Abstract
Classical cadherins are a group of Ca++ dependent transmembrane cell adhesion molecules, mostly known for their ability to perform homophylic interactions with like-cadherin molecules on the surface of neighboring cells. Over the past decade, many studies have also established cadherins as key players of intracellular signaling events by modifying the activity of Rho GTPases, members of the Wnt signaling pathway, and receptor tyrosine kinases. Given the utility of these molecules, it is not surprising that they play multiple roles during different embryological and adult processes. Yet, these activities have been primarily tied to their full-length molecules. And, while the activity of full-length molecules is undoubtedly an essential part of how cadherins perform in vivo, it is becoming increasingly evident that the proteolytic fragments of these molecules may also play a role. This is an exciting development because proteolysis of cadherins was previously thought to be a simple clearing-mechanism meant to regulate the levels of cadherin molecules on the cell-surface.
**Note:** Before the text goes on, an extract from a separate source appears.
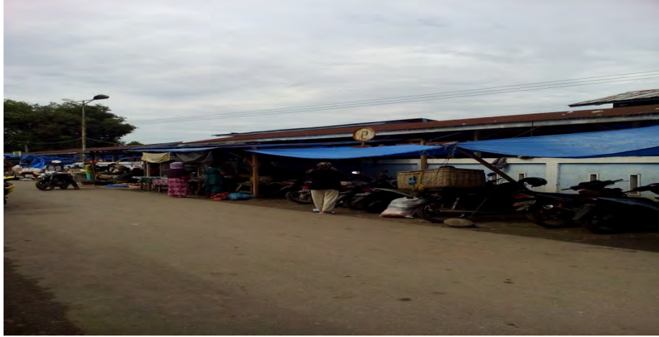
Gambar. 21 Gambar Pedagang yang berjualan di luar pagar pasar di tepi jalan yang dapat mengakibatkan kemacetan jalan

Here, we will further discuss our recent findings by McCusker and colleagues, showing that both N-terminal and C-terminal fragments of Cadherin-11 retain biological activity in Xenopus embryos. We will also review the current literature demonstrating that both the extracellular and intracellular fragments of other classical cadherins are capable of activating certain signaling events tied to Epithelial to Mesenchymal Transitions (EMTs), cell survival, cell proliferation, and cell migration.
Proteolysis of Classical Cadherins
Complete processing of a full-length cadherin molecule involves multiple proteases. It is generally accepted that the extracellular region is processed first, and that multiple metalloproteases containing a disintegrin domain (ADAM), Matrix Metalloproteases (MMPs), and other transmembrane proteases can perform this event.Citation1–Citation8 This initial cleavage results in the shedding of the extracellular N-terminal fragment (NTF), and the generation of a first C-terminal fragment (CTF1) that contains the transmembrane and cytoplasmic domains of the molecule. In many cases CTF1 is further processed by the Presenilin-1 (PS-1) complex in the juxta-membrane region, releasing the cytoplasmic domain (CTF2) along with any associated proteins.Citation9–Citation12 Among the classical cadherins, there are multiple examples showing that the NTF, CTF1 and CTF2 can each perform diverse biological activities ().
Biological Activities of Shed Cadherin Fragments
In the recent publication by McCusker and colleagues, we showed that cadherin-11 cleavage by ADAM metalloproteases (ADAM9, and 13) was essential for Cranial Neural Crest (CNC) migration in vivo.Citation6 One likely purpose of this processing is to control the overall cell-adhesion levels mediated by the full-length cadherin-11 molecules. Yet, we have also discovered that the NTF itself can promote migration in vivo. In Xenopus embryos, CNC migration is inhibited when full-length cadherin-11 is overexpressed or when ADAM9, 13 and 19 expression are knocked down. This phenotype can be rescued by overexpressing the cadherin-11 NTF. We suspect that the cadherin-11 NTF acts as an antagonist of homophylic interactions since we have shown that it binds to full-length cadherin-11 in cell culture.Citation6 Interestingly, we have also found that the NTF can bind to select members of the ADAM family (McCusker and Alfandari, unpublished observations), regardless of their ability to process full-length cadherin-11. Future work will determine if this interaction affects the function of these ADAMs and if this interaction plays a physiological role in the embryo.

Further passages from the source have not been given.